My guess would be that you can find such a proof in the literature, since the Moser trick is such a powerful tool, though I don't know where.

Instead let me sketch a proof of the fact that any two Hamiltonian systems $(M_i,\omega_i,h_i)$ are locally isomorphic around non deg. points $x_i\in M_i, i=0,1$ using the Moser trick. That's the statement I see behind the flow box theorem.

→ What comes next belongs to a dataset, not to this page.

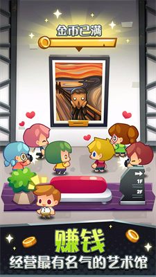艺术大亨破解版无限金币钻石版是一款极富创意和乐趣的趣味经营休闲手游,玩家从全球收集这些珍贵的名家艺术品,通过展示收藏的艺术作品来吸引游客参与,为此奠定的经济基础,参展全球,从一间无名的艺术馆开始,成为世界闻名的最艺术馆,登上世界之巅,玩家可以购买和展示各种不同风格和类型的艺术品,包括绘画、雕塑和摄影作品等。同时,游戏还提供了大量的装饰和设计选项,玩家可以根据自己的喜好来装饰画廊,这款游戏以精美的画面和丰富的色彩表现出艺术的魅力,让玩家在游戏中感受到艺术的无限可能。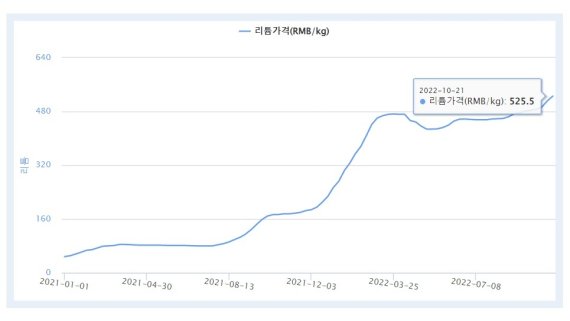 24일 한국광해광업공단 한국자원정보서비스에 따르면 탄산리튬 가격은 톤당 52만5500위안(1억368만원)이다. 리튬 가격이 톤당 50만위안을 넘은 것은 관련 통계가 시작된 2012년 이후 처음이다.

First as usal one proves the linearized fact (i.e. any two $2n$ dim vector spaces $V_i$ supplied with non-degenerate two-forms $\omega_i$ and non degenerate one forms $v_i, i=0,1$ are isomorphic). Using this one constructs a local diffeomorphism between $(M_0,\omega_0,h_0)$ and $(M_1,\omega_1,h_1)$ satisfying:

1. point $x_0$ goes to $x_1$
2. the symplectic forms coincide on the above points and
3. the Hamiltonian function $h_0$ goes to $h_1$.

Now we have a manifold $M$ with two symplectic forms $\omega_0,\omega_1$ coinciding at $x\in M$ and one function $h$ which is nondegenerate at $x$. Next you try the usual Moser trick to morph $\omega_1$ to $\omega_2$ with the flow of a time dependent vector field $X_t$, imposing the additional requirement that $X_t$ preserve the function $h$. I.e. $L_{X_t}h=0$. Hence $X_t$ should lie in the $2n-1$ dimensional distribution $\ker dh$.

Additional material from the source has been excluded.